I raised an eyebrow. I couldn’t keep the irony from my voice. “Is that what she was doing in the jazz clubs on her own, campaigning for the environment?”
She sighed and again dropped her lids over her huge eyes. “Cheap, Lacklan, and I suspect not worthy of you.”
“How do you know what’s worthy of me?”
“You’re here, aren’t you? You’re in your friend’s corner, talking to the sister of the victim, fighting his cause. That’s the kind of man you are, isn’t it? Loyal, committed, true…”
“We were talking about Sarah.”
She puffed her cheeks and blew. I picked up my beer and pulled off half.

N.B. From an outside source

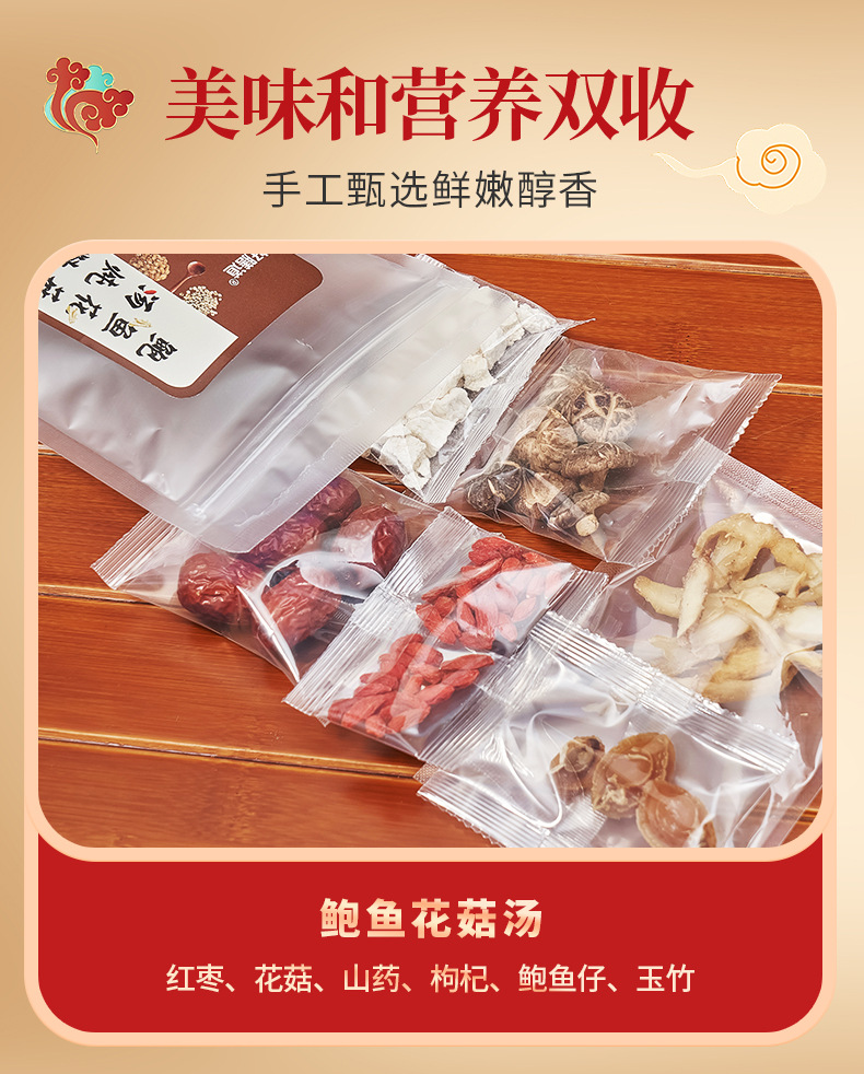 Еженедельная упаковка детского супа; Солодовый суп боярышника 70г; 50 г морского и бактериального супа; Apple Sydney Four God Soup 50г; Суп из пестицидов лотоса 98г; Hericium fig yam суп 78г; Курица с супом золотистого боярышника 75г; Новый суп Четыре Бога 98г; Суп-пакет-гриб Морель 30г; 30г шесть грибных супов; Суп Bazhen Mushroom 30г; Грибной суп женьшеня 30г; Грибной суп морского ушка 30г; 30г грибного супа; Масук грибные супные пельмени 80г; Красочные грибные суповые пельмени 65г; Пятипальцевой суп персика и породы 50г; Пория, Хуашианский и ячменный суп 45г; Суповые булочки Four Seasons Qing Liang 76 г; 100 г черного сливового супа; Сиднее сушеная фигурка Лилии, 70г; Пория Коко, кудзу и ячменный суп 105г; Суп Пуэрия лопата и поропия 105г; Бамбуковая трость Mou Root Sydney Soup 130г; Прия, Хуашианский и ячменный суп 120г; Суп миндальной лилии 75г; Пятипальцевой суп персика и породы 115г; 50 г рутинного корневого супа; Суп-пакет из говядины и баранины 85г; Кодонопсис, астрагалу, нефрит и бамбуковый суп 50г; Пять красных супов 115г; Нефрит, бамбук, длинный, красный суп с датой 70г; Миндальный инжир и нефритовый бамбуковый суп 71г; Cordyceps Cordyceps Red Date Longan Soup 78г; Dendrobium Американский женьшень Ганодерма суп 25г; Женьшеневый суп Tenma Party 50г; Ганодерма Пория Суп 83г; Суп Ji Matsutake Gorgon и Longan 63г; Суп шелковицы, пория и лилии 75г; Чернила рыба черная фасоль грибной суп 65г; Тигровое молоко-гриб миндальный суп 115г; Желтая эссенция суп черная фасоль орех 75г; Женьшень, Ям, кордицепс и кордицепс Суп 60г; Грибной суп чайного дерева 62г; Сушеная мушля Лилия Бамбуковая суп 66г; Ядро песка красные финики и суп ямс 75г; Суп-гриб с крылатыми волчьей ягодицы 79г; tə, красные финики, хризлис и кордицепс суп 65г; Мясо улитки, суп из костей волчьего крыла 75г; Нефритовый бамбуковый грибной суп Abalone 68г; Морской грибной грибной суп 65г; yarat, нефрит, бамбук и суп из семян лотоса 64г; tao czerwona data крыло костяной суп 68г; Сушеный миндалесовый суп 83г; Суп глоду Maotai Root Wolfberry 99г; Мугеновая сахарная трость и суп снежная груша 87г; Суп грибок грецкий орех черный боб 85г; Пятипальцевый персиковый горуон и кукс семян 100 г; Желтая эссенция, суп Longan и Red Date 70г; Корддицепс цветок волчьей и лилии суп 80г; Суп из нефрита, бамбука, ямина и волчницы 91г; Суп Poria Cocos, ячмень и семена лотоса 95г; Чайное дерево грибной суп 76г; Желтые цветочные овощи кудзу и суп из семян лотоса 78г; Капуста сушеный нефритовый бамбуковый инжирный суп 75г; Кордицепс Цветок Юаньбей Суп 75г; Суп из нефрита, бамбука, лилии и лотоса 76г; Женьшеневый кордицепс Цветочный суп 68,5г; Цветочный суп Hericium, бамбук и кордицепс 59г; Пять бактерий, суп кудзу-грибок 58г; Суп из семян лотоса карпа и арахиса 120г; Пятипальцевый персиковый, длинный, нефрит и бамбуковый суп 69г; Суп громкий улиточный мясной ямс 93г; Гриб ягненка, рога, грибной, грибной суп 94г; Корддицепс цветок рыба резинка суп 81г; Клейкая желтая эссенция Longan суп 88г; Суп Bazhen Mushroom 43г; Рыбная пасть мясо лотоса суп 81г

“What can I tell you, Lacklan? She was a good person, like you. She cared. She cared about people, about communities of people. She cared about suffering and unhappiness. She was not only a good person, but a beautiful person. And she cared about Charles.” She crushed out her cigarette, streaming smoke from her nose. “But people aren’t just one thing. You know your Shakespeare? Othello was a good, honorable, decent man. But jealousy is triggered in his soul by Iago’s wicked manipulations, and Desdemona’s simple naivety. So, which one is Othello? The good, honorable man, or the crazed, jealous monster?”
“I don’t know.”
She spread her hands. “He is a woven fabric, made of both threads.”
“Is that what Sarah was, a woven fabric?”
“It’s what we all are.”
“So what was she doing in the jazz clubs while her husband was at home, or dining in restaurants?”
“Listening to jazz.”
“Did she have an affair with Bat Hays?”
“Not that
I’m aware of, Lacklan.”
“Was she having an affair with anybody?”
She shrugged. “Same answer. I was not my sister’s keeper.”
“You’re stonewalling me.”
She closed her eyes, smiled, and sighed again. “Look, Lacklan, I understand you want to help your friend. But if doing that means dragging Sarah’s name and reputation through the gutter, I am not going to help you do that. We all have our loyalties.”
I looked down into my beer. For the second time in just a few minutes, she’d made me feel ashamed, for reasons I couldn’t quite fathom.
“That’s not what I intended to do.”
“But it’s what you would have done, if I’d let you?”
I looked into her eyes.
She held my gaze, like she was reading a text inside my head. “That’s what you do, Lacklan, isn’t? You see something that needs to be done, and you storm in, guns blazing, leaving death and destruction in your wake, and tell yourself it’s what you had to do to get the job done.”
“How could you know that?”
“Isn’t Bat Hays the same? Isn’t that what all men like you do?”
“You’re making a lot of assumptions, Simone, based on very little.” I took a drag and we were both silent for a moment. I looked at the burning ember on the tip of my cigarette and wondered how much truth there was in what she’d said. I thought probably it was all true. “Hays’ life is over if I can’t help him. He doesn’t deserve what they will do to him. I don’t want to put a slur on Sarah’s memory. I don’t want to hurt you, or anybody. I just want to know the truth.”
She gave a small laugh that was almost bitter. It was the closest thing I had seen in her to an ugly emotion. “You want to know the truth without hurting anybody. Good luck with that.”
She stood and came close beside me, looking out at the garden, and up at the heavy, motionless ceiling of cloud.
“Synchronicity,” she said.
“What is?”
“It’s a Jungian concept. Not an easy one.” She glanced at me, like she was wondering if I would get the concept. “Sarah, she is threatening to destroy us all: Sarah the storm, and Sarah, my sister. There can be no causal link between the two, yet there is a connection in meaning.” She gestured up at the sky. “Both Sarahs have unleashed a destructive force, one from the sky…” She paused and seemed to examine my face, with little darting movements of her eyes. “The other from the earth.”